Industrial Robotics

Revolutionary robotics optics and vision systems

Sheila Kennedy says successful plant automation can hinge on how well robots see their surroundings.

By Sheila Kennedy, CMRP, contributing editor

Assigning complex or hard-to-fill roles to robots and cobots reduces the need to outsource positions, move factories offshore, or subject human workers to hazards. Modern optics and vision systems optimize robot performance while protecting against unintended physical contact.

Continuous clarity of vision is fundamental to effective robotics optics. Adaptive lenses from Dynamic Optics, part of Opto Engineering Group, enable fast focusing in challenging applications. Whether adjusting the focus of a camera on a robot arm or tracking items across a field of view, an adaptive lens can change optical power in 1/100th of a second without image degradation.

Integrating adaptive optics technology on a robot arm enables optical probes for precision measurement, surface inspection, or cavity inspection. Dynamic Optics’ AO Series focusing module can be mounted in front of a fixed focal length lens and used horizontally or vertically.

High-definition 4D LiDAR video cameras from TetraVue provide deeper vision for robots and drones by enabling long-range 4D (3D plus time) motion capture. Because the cameras capture 60 million bytes per second – 100 times faster than traditional LiDAR – they allow measurement of the distance, location, and shape of things with very high detail.

“Today, 3D vision or LiDAR technologies have such coarse resolution, they would be classified as legally blind. TetraVue’s unique approach gives megapixel 3D video with distance for every pixel at ranges up to 200 meters, giving drones and robots the awareness they need,” says Paul Banks, founder and CEO of TetraVue.

Erik Nieves, CEO of Plus One Robotics, says the company’s PickOne Perception System is unique in that it makes use of COTS consumer-grade RGB-D sensors for color and depth information but then adds a layer of proprietary calibration to achieve the accuracies their customers require. “This allows us to keep costs low while holding to strict performance metrics,” Nieves says. “We regularly hit pick rates over 25ppm.”

The PickOne system uses 2D and 3D cameras “to image the input stream in fractions of a second to determine pick positions for robots.” PickOne software is compatible with robot manufacturers such as ABB, Denso, Fanuc, Kuka, and Yaskawa Motoman.

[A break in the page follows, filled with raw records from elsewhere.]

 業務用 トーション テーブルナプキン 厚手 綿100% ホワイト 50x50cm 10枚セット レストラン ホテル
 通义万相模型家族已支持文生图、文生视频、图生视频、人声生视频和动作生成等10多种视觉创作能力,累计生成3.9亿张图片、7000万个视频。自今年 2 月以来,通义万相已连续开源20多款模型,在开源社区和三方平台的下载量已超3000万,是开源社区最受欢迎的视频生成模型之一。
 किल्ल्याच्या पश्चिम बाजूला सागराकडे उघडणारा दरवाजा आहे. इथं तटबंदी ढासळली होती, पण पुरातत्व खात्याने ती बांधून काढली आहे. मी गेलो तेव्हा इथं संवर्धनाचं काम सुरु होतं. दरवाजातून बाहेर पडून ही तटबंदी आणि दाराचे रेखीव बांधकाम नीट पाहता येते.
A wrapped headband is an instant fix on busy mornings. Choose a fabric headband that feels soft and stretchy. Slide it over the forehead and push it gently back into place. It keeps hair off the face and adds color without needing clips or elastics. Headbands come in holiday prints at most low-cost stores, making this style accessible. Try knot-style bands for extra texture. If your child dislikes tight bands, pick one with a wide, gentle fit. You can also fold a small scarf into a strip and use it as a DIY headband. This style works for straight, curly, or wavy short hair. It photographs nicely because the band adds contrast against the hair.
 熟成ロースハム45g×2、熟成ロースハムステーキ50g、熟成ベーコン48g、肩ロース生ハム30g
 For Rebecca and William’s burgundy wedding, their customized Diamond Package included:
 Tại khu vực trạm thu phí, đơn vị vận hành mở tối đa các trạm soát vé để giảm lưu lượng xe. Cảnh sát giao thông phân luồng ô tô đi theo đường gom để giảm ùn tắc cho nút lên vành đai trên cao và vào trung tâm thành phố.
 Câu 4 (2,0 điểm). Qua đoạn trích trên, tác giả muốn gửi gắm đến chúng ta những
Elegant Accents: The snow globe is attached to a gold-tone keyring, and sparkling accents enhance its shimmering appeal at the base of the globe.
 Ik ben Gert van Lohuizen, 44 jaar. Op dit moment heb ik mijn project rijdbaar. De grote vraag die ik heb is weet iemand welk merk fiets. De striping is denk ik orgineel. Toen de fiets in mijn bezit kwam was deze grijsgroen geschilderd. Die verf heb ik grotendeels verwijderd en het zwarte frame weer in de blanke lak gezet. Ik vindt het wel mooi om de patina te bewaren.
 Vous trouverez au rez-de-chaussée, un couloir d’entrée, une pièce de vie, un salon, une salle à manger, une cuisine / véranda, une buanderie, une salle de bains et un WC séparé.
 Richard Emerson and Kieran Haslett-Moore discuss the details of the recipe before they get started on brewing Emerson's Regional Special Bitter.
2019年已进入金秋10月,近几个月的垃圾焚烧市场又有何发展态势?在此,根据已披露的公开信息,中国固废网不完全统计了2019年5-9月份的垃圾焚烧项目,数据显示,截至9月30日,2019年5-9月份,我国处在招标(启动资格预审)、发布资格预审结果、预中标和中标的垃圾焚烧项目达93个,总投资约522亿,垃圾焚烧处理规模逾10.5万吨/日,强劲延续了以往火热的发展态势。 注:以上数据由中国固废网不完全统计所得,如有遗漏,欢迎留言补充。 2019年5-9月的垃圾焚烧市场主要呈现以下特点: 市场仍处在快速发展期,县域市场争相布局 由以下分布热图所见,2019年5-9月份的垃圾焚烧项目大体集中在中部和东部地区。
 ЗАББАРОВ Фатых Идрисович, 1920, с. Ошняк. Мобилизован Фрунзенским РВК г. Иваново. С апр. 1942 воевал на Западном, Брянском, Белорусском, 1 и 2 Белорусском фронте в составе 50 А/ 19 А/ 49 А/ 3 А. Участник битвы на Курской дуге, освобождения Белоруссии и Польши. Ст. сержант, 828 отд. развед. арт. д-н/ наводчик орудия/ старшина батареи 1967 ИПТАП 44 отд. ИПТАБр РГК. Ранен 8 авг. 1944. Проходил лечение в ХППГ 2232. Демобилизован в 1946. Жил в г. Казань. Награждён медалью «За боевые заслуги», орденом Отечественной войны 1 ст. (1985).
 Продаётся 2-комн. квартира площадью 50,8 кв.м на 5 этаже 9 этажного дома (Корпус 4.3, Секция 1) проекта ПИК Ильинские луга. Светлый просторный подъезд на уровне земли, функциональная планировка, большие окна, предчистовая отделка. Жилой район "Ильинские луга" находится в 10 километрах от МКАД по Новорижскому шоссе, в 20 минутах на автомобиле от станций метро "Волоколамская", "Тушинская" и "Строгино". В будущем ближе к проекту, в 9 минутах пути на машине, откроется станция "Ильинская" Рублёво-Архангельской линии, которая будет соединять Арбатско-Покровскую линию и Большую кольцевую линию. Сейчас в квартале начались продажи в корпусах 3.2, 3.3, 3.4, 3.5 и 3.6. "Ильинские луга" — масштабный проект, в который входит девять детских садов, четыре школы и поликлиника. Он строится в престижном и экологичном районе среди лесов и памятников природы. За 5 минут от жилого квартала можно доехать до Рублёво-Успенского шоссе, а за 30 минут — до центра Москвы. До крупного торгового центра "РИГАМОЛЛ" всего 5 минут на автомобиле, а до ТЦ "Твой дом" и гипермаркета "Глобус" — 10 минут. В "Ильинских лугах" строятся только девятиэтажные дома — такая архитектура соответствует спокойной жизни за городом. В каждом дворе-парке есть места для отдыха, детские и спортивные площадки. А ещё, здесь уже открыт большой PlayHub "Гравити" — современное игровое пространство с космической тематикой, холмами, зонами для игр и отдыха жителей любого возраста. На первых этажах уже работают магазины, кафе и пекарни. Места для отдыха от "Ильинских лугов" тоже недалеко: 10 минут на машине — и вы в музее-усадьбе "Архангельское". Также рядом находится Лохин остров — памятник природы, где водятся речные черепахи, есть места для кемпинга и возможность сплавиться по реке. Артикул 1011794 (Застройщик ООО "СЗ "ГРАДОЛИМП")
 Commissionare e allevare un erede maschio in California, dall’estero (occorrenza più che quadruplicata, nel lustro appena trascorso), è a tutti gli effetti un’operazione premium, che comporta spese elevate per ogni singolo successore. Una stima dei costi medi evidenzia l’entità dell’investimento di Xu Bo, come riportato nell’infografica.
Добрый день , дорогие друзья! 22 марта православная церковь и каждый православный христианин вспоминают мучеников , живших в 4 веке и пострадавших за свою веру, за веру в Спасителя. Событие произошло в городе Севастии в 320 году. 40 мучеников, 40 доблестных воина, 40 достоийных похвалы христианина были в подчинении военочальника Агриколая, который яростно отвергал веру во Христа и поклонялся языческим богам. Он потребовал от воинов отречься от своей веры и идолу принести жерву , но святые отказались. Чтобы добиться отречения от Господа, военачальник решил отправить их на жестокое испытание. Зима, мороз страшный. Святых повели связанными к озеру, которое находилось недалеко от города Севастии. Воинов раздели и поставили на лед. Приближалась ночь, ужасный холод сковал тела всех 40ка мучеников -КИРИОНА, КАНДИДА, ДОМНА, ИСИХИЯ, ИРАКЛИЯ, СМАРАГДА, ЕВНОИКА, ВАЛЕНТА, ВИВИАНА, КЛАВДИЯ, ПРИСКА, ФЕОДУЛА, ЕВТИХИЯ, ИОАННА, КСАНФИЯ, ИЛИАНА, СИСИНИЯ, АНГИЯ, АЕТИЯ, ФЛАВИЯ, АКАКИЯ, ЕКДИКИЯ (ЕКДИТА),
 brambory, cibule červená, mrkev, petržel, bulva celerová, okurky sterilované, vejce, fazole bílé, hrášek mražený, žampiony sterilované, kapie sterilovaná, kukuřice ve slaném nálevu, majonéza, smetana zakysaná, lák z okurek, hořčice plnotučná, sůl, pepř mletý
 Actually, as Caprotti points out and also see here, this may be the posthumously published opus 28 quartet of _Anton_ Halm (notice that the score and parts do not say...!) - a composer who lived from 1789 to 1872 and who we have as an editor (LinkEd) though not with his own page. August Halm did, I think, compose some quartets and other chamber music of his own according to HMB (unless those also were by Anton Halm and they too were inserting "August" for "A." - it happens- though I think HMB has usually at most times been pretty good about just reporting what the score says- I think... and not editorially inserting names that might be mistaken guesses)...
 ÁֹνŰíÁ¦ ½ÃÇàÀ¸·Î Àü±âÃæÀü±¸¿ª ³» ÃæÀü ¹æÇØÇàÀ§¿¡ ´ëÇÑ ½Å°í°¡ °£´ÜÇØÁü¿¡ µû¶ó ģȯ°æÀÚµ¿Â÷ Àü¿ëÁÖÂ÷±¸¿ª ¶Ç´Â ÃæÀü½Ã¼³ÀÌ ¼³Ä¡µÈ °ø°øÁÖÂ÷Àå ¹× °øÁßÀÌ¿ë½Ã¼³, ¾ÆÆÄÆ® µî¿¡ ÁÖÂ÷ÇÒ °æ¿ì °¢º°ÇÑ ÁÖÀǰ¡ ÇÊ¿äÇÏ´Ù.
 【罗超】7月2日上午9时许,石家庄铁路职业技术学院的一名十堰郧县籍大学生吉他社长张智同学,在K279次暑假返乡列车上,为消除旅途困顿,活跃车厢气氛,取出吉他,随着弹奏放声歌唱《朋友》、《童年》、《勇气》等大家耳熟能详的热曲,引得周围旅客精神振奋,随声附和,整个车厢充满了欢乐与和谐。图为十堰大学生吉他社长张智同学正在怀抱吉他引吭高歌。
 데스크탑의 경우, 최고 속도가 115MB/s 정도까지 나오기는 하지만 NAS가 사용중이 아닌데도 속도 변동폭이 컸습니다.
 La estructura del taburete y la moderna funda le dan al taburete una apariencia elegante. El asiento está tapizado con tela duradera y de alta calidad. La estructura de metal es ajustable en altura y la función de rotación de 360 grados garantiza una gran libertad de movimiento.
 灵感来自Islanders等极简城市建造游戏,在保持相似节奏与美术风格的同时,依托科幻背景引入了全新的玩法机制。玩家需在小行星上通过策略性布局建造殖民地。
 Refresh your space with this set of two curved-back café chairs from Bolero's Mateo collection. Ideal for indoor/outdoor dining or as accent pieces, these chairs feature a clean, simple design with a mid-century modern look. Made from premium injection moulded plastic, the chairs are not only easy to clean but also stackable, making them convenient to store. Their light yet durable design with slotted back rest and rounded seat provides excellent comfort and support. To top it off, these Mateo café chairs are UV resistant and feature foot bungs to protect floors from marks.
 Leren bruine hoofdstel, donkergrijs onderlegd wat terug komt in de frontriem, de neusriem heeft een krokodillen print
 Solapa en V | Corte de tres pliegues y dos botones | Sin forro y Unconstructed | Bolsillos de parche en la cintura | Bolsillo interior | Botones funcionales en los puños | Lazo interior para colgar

Collaborative materials-handling robots with integrated machine vision help to mitigate product orientation and image distortion challenges. Xyntek’s research involving convoluted neural network and capsule network (CapsNet) machine vision led to delivery of a turnkey collaborative robot case packing solution using Antares OmniVision technology.

A common challenge when trying to inspect round bottles or objects is that you cannot guarantee bottle orientation as it travels down a conveyor, observes Philip Jadd, applications and product development manager at Xyntek. “This makes quality inspections or product tracking difficult,” he adds. Xyntek engineered 360-degree inspection stations using multiple matrix/area scan cameras or line scan cameras to solve the challenge of variable product orientation with rotational material handling.

The AiKno platform for robotic process automation from L&T Technology Services blends advanced image processing, optical character recognition (OCR), natural language processing (NLP), artificial intelligence (AI), and machine learning (ML) in a cognitive engine that helps robots mimic human-level intelligence.

With underlying compute and communications technology becoming very powerful and highly affordable, leveraging of machine vision in the autonomous and robotics domains is poised to increase, predicts Ashish Khushu, chief technology officer at L&T Technology Services. He believes optics technology will be at the core of this emerging technology.

Universal Robots (UR) is starting to see a significant increase in vision-guided collaborative robots, says Joe Campbell, senior manager of applications development at the company. Several of the leading vision products integrate easily with UR cobots through the UR+ handshake. The UR+ program currently includes more than a dozen vision solutions for 2D and 3D guidance as well as inspection from leading manufacturers such as SICK, Cognex, LMI, and Pick-It.

“Integrating a vision system with a robot is often quite a headache,” Campbell says. “Choosing a UR+ certified vision system for our cobots removes that pain, allowing the user to run the entire vision application directly through the UR cobot’s teach pendant with no scripting needed.”